ACTION ITEM:
Give back exactly the first lines of the entries below, through the line with "أَحَدُهُمَا: أَنَّ تَجْزِئَةَ".

DATA SECTION:
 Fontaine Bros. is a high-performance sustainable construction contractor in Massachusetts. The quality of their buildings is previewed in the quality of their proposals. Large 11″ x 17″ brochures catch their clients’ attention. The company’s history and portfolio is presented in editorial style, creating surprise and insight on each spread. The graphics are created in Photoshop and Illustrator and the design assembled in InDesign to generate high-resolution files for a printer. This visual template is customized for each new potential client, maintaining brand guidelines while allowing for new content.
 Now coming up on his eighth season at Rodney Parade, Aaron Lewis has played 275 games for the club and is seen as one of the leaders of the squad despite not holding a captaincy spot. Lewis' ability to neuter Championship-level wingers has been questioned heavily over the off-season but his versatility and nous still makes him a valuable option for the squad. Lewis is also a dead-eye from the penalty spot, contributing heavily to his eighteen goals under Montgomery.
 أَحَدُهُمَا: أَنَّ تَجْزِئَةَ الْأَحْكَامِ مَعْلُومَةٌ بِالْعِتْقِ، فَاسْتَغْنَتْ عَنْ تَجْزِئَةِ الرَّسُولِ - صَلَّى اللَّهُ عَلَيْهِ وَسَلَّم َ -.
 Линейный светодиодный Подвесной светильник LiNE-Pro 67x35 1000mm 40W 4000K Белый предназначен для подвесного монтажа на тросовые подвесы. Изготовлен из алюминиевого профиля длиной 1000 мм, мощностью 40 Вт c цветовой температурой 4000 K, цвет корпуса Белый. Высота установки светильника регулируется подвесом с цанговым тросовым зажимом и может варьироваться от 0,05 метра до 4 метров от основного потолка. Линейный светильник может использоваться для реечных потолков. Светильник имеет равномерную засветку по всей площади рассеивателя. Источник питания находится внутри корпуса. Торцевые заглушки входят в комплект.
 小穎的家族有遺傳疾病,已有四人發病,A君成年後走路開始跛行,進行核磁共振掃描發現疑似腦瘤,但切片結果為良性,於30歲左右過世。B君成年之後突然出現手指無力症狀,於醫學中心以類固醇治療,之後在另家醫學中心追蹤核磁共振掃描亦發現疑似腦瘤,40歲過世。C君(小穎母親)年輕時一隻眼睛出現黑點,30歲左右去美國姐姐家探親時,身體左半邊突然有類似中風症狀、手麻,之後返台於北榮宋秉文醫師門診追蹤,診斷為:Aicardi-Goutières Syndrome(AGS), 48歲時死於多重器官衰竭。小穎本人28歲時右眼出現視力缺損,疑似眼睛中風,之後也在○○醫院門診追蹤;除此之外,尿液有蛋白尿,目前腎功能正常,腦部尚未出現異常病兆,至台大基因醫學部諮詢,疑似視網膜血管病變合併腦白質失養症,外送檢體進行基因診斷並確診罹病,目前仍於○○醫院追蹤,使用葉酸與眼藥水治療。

TASK RESULT:
 Fontaine Bros. is a high-performance sustainable construction contractor in Massachusetts. The quality of their buildings is previewed in the quality of their proposals. Large 11″ x 17″ brochures catch their clients’ attention. The company’s history and portfolio is presented in editorial style, creating surprise and insight on each spread. The graphics are created in Photoshop and Illustrator and the design assembled in InDesign to generate high-resolution files for a printer. This visual template is customized for each new potential client, maintaining brand guidelines while allowing for new content.
 Now coming up on his eighth season at Rodney Parade, Aaron Lewis has played 275 games for the club and is seen as one of the leaders of the squad despite not holding a captaincy spot. Lewis' ability to neuter Championship-level wingers has been questioned heavily over the off-season but his versatility and nous still makes him a valuable option for the squad. Lewis is also a dead-eye from the penalty spot, contributing heavily to his eighteen goals under Montgomery.
 أَحَدُهُمَا: أَنَّ تَجْزِئَةَ الْأَحْكَامِ مَعْلُومَةٌ بِالْعِتْقِ، فَاسْتَغْنَتْ عَنْ تَجْزِئَةِ الرَّسُولِ - صَلَّى اللَّهُ عَلَيْهِ وَسَلَّم َ -.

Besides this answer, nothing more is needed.